Locality and non-locality mean here the spatial features of the way the agents interact with each other and with geographical space upon which the evolution takes place. Technoscape agent is some conventional artisan, family, or а producing and trading firm, while there is no difference between production and trade. Agents are located upon and move through bounded two-dimensional space divided into square cells. The model demonstrates processes of agents’ concentration in a small set of cells, which is interpreted as «city» formation. Agents are immortal, they don’t mutate and evolve, though this is interesting perspective for the evolution of the model itself.

Technoscape provides some distinctively new type of self-organization. Partially, this type of selforganization resembles the behavior of segregation model by Thomas Shelling, still that model has evolution rules substantially different from Technoscape. In Shelling model there exist avalanches still simple equilibria exist if no new agents are added to the game board, while in Technoscape no such equilibria exist. At best, we can observe quasi-equilibrium, slowly changing global states.

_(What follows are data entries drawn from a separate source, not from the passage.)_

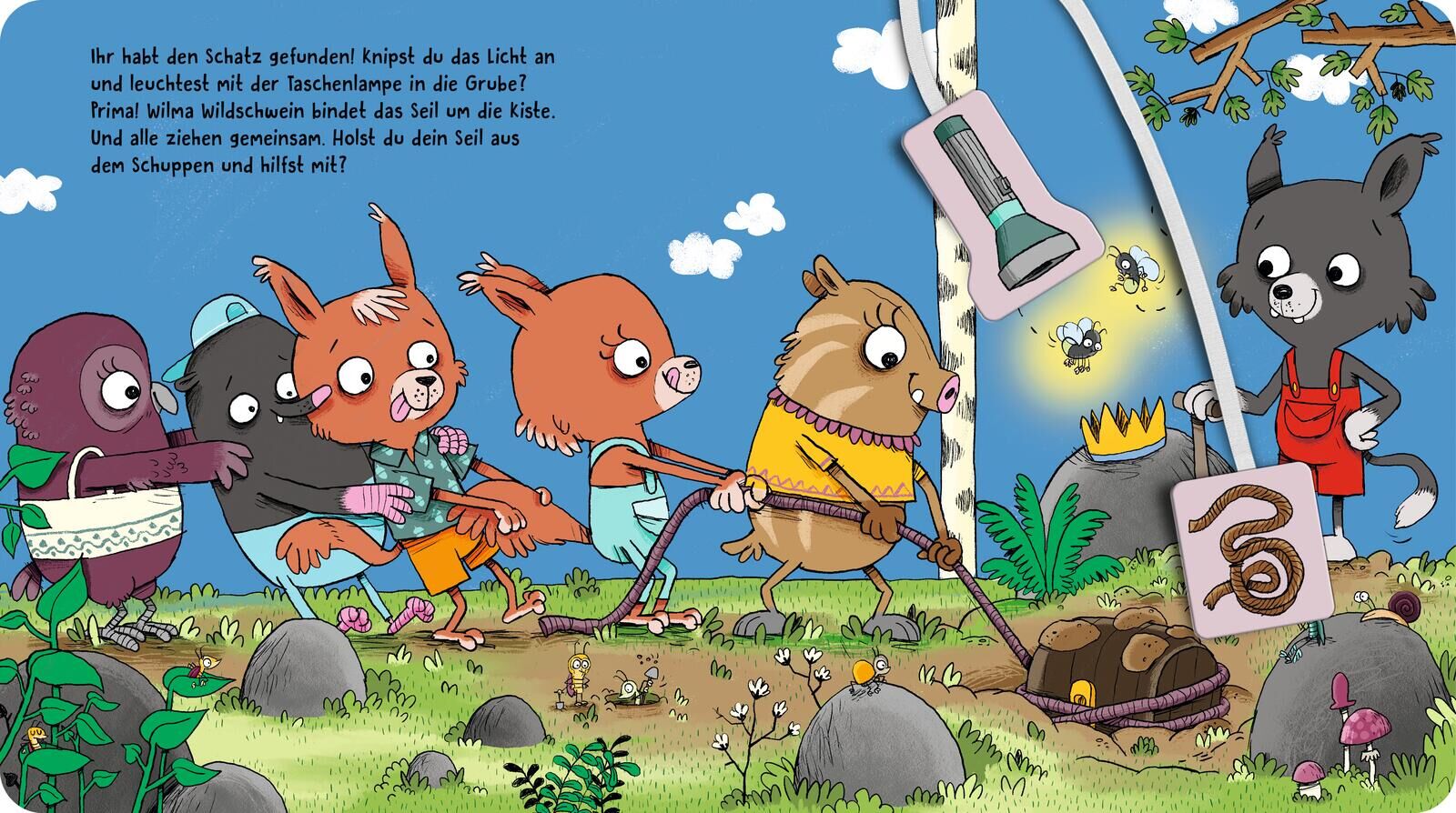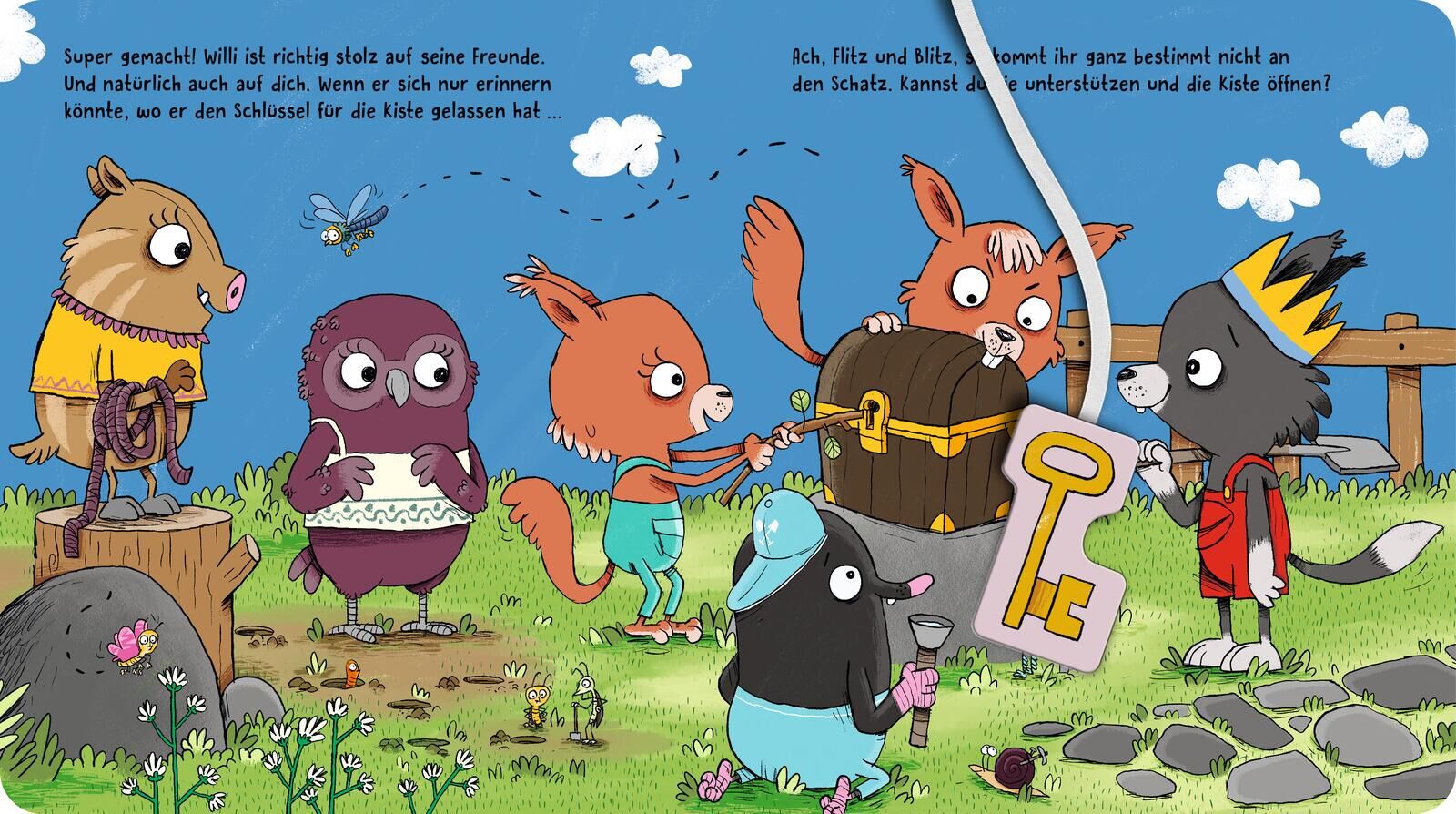 Tolle Mitmach-Pappe für kleine Abenteurer:innen mit 4 extra Werkzeugen zum Mitspielen! Zu Willis Geburtstag gibt es eine große Schatzsuche im Garten! Ida Igel und Ferdi Fuchs helfen eifrig mit. Und auch Kinder ab 3 Jahren unterstützen das Wölfchen mit den tol...
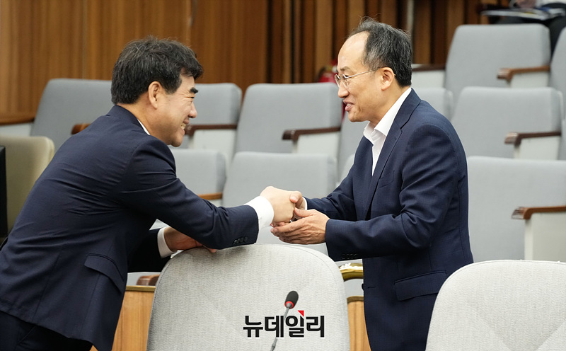 추경호 국민의힘 원내대표가 20일 오전 서울 여의도 국회에서 열린 원내대책회의에 참석하며 인사를 나누고 있다.
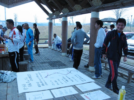 スタート前、寒かったのでアップを兼ねて一緒に参加した師匠のザトペックさんとアップに出かけました。
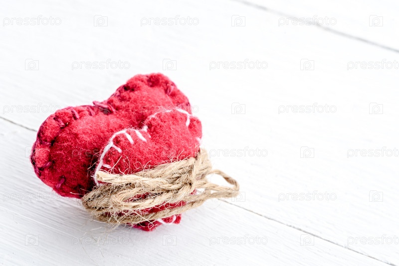 Два декоративных сердца на деревянных фоне. Символ любви
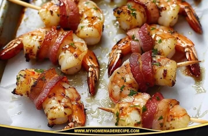 Bake until the bacon is crisp and the shrimp are cooked through, 5 to 7 minutes. Serve with a squeeze of lemon and a dipping sauce if desired.
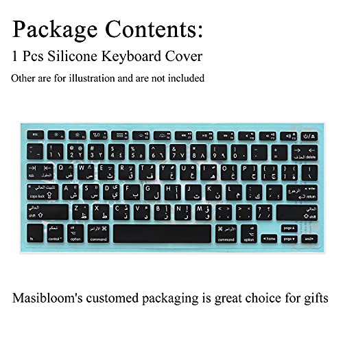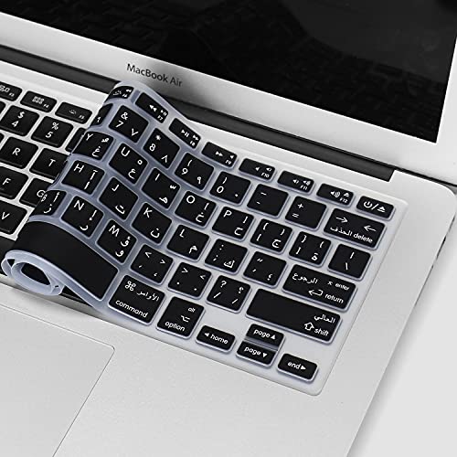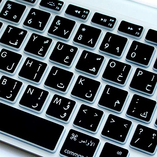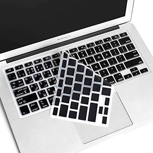 Masino - غطاء كيبورد من السيليكون باللغة العربية لجهاز ماك بوك اير 13 بوصة ماك بوك برو مع / بدون شاشة ريتينا 13 بوصة 15 بوصة 17 بوصة MC184LL/B، غير متوافق مع ماك بوك اير الجديد 13 بوصة A1932 من ماسينو (أسود)
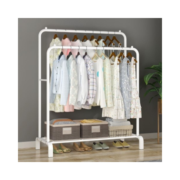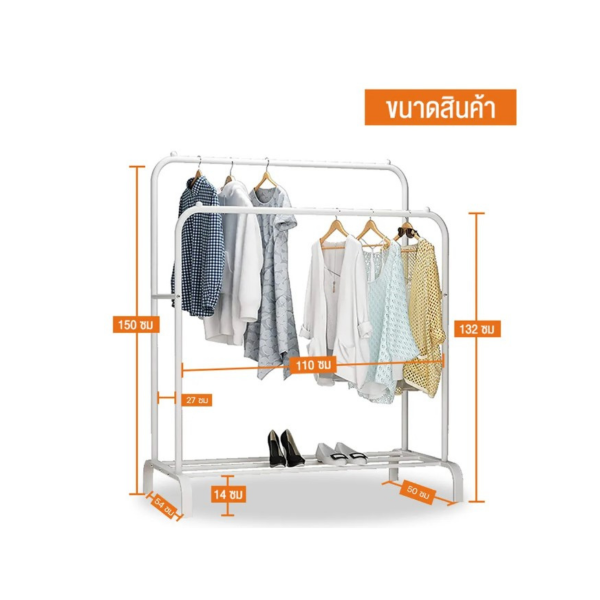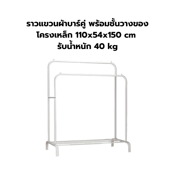 ราวแขวนผ้าบาร์คู่ พร้อมชั้นวางของ โครงเหล็ก 110x54x150 cm รับน้ำหนัก 40 kg
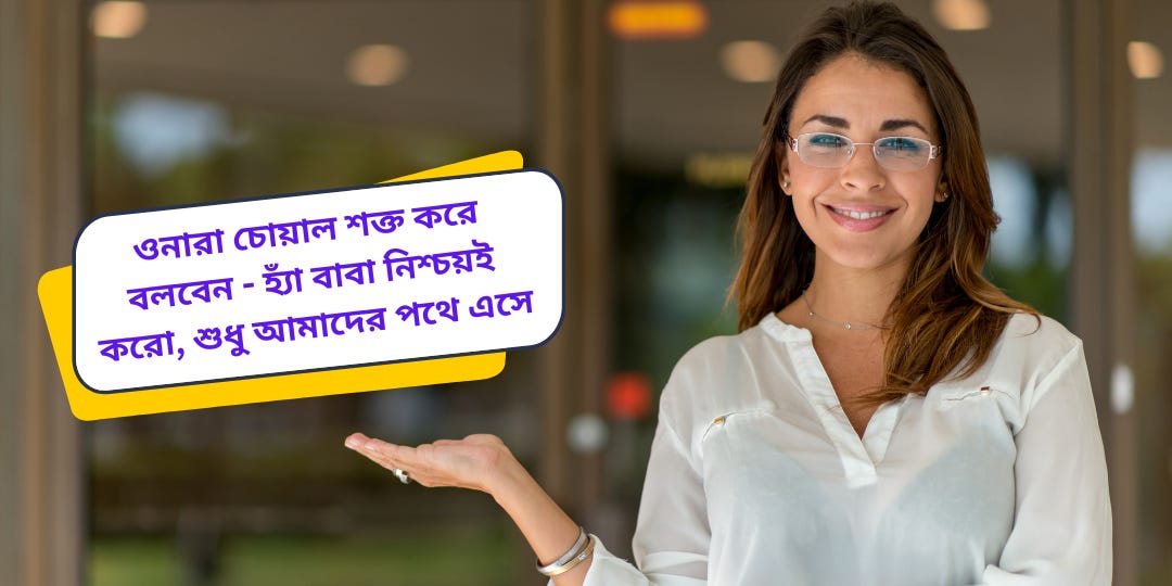 ওনারা চোয়াল শক্ত করে বলবেন - হ্যাঁ বাবা নিশ্চয়ই করো, শুধু আমাদের পথে এসে।

One non-trivial phenomenon Technoscape exhibits, which also contrasts to Shelling segregation model, is the ability of agents to concentrate in local cells (interpreted as cities) even explicitly and totally ignoring local interactions, using non-local interactions only.

At the same time, while the agents tend to concentrate in large one-cell cities, large scale of such cities does not guarantee them from decay: there always exists a process of «enticement» of agents and their flow to new cities.